Diese Ergebnisse werden nicht nur durch einen systemischen Review aus dem Jahr 2014 mit insgesamt 734 Patienten, sondern auch durch eine aktuelle Studie mit 354 Teilnehmern mit benigner Prostatahyperplasie untermauert.7 Bei letzterer Studie wurden durch 320 mg eines Sägepalmenfrüchteextraktes (Lösungsmittel: n-Hexan) nicht nur die typischen Symptome wie vermehrtes Harnlassen, Nykturie und Harnretention vermindert, sondern auch die Symptome einer erektilen Dysfunktion verbessert.8 Ähnliche Ergebnisse ergab auch eine Metaanalyse aus 27 Studien aus dem Jahr 2018. Auch hierbei erwies sich ein Sägepalmextrakt (Lösungsmittel: n-Hexan) als wirksam und sehr gut verträglich.9

Sägepalme © Shutterstock
Zahlreiche Studien belegen die gute Wirksamkeit und Verträglichkeit von Sägepalmenfrüchteextrakten bei benigner Prostatahyperplasie. © Shutterstock

In einer koreanischen Studie erhielten jeweils 60 Männer mit benigner Prostatahyperplasie 0,2 mg Tamsulosin bzw. 0,2 mg Tamsulosin plus 320 mg eines Sägepalmenfrüchteextraktes. Die Symptome verbesserten sich in jener Gruppe, die Sägepalmenfrüchteextrakt und Tamsulosin erhalten hatte, signifikant stärker als in der Kontrollgruppe, die lediglich Tamsulosin verabreicht bekam.10

Ein mit n-Hexan gewonnenes Sägepalmextrakt erwies sich in einer Biopsiestudie bei Prostatitis als hilfreich, um das Entzündungsgeschehen zu beruhigen.

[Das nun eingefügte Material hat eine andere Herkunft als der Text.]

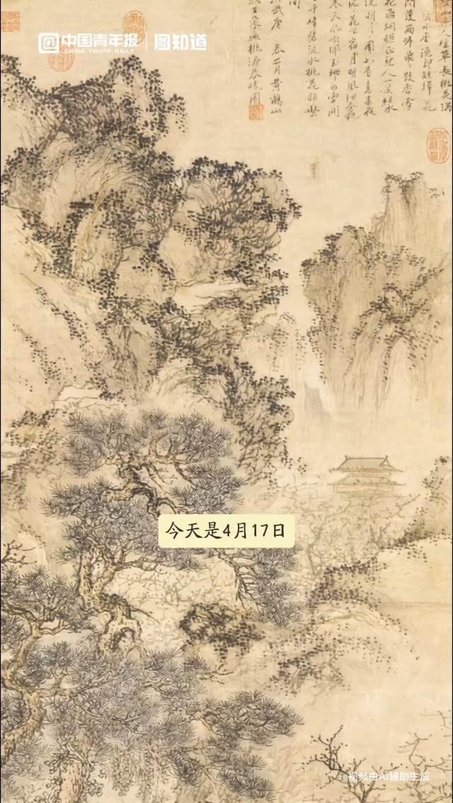 今天是4月17日,星期五,农历三月初一。《桃源春晓图》绘春水初生,渔郎撑棹徐行;夹岸桃花吐英,远山叠嶂,苔点繁密,满纸尽是春意。

Jene Personen, die sechs Monate lang 320 mg dieses Extraktes eingenommen hatten, wiesen am Ende der Studie signifikant verminderte histologische Entzündungsparameter gegenüber der Placebogruppe auf.11

Auch in einer weiteren Studie mit 206 Männern mit benigner Prostatahyperplasie erwies sich ein Sägepalmenfrüchteextrakt (Auszugsmittel: n-Hexan) als antiphlogistisch bei chronischer Prostataentzündung.12

In einer weiteren Erhebung konnte in einer multizentrischen Pilotstudie neben den typischen Symptomen der benignen Prostatahyperplasie auch die sexuelle Dysfunktion verbessert werden. Die Patienten hatten hierfür acht Wochen lang 320 mg eines Sägepalmextraktes (Lösungsmittel n-Hexan) eingenommen.13

Eine italienische Studie ergab einen Hinweis auf eine weitere mögliche Indikation: Die 56 Studienteilnehmer mit bakterieller Prostatitis wurden in zwei Gruppen aufgeteilt, wobei eine Gruppe 600 mg Prulifloxacin und die zweite Gruppe 600 mg Prulifloxacin plus ein nicht näher definiertes Sägepalmenfrüchteextrakt erhielt. Nach acht Wochen kam es in der Gruppe, welche die Kombination verabreicht bekam, zu einer signifikant stärkeren Reduktion der Schmerzen und der Probleme beim Wasserlassen.14

Dass die Ergebnisse aus In-vivo-Studien, wonach Sägepalme auch bei androgener Alopezie hilfreich sein kann, auch auf Menschen übertragbar sein könnte, legt unter anderem eine kleine Pilotstudie nahe. Darin wurden 50 freiwillige Männer zwischen 20 und 50 Jahren 24 Wochen lang mit einem topisch aufgetragenen Sägepalmenfrüchteextrakt behandelt. Bereits nach zwölf Wochen war eine vermehrte Haardichte feststellbar.15

Wissenschaftlich bewertete Anwendungen

Das HMPC hat ein Dickextrakt der Sägepalme (DEV 7– 11:1, Lösungsmittel: n-Hexan) zur symptomatischen Behandlung der benignen Prostatahyperplasie als medizinisch anerkanntes pflanzliches Arzneimittel („well-established use“) anerkannt, wobei vor Therapiebeginn ärztlich eine ernsthafte Erkrankung ausgeschlossen werden muss. Ein anderer Dickextrakt (DEV 7,5–14:3, Lösungsmittel: 90–96 % Ethanol) wurde vom HMPC dagegen als traditionelles pflanzliches Arzneimittel bei Beschwerden der unteren Harnwege infolge einer benignen Prostatahyperplasie eingestuft.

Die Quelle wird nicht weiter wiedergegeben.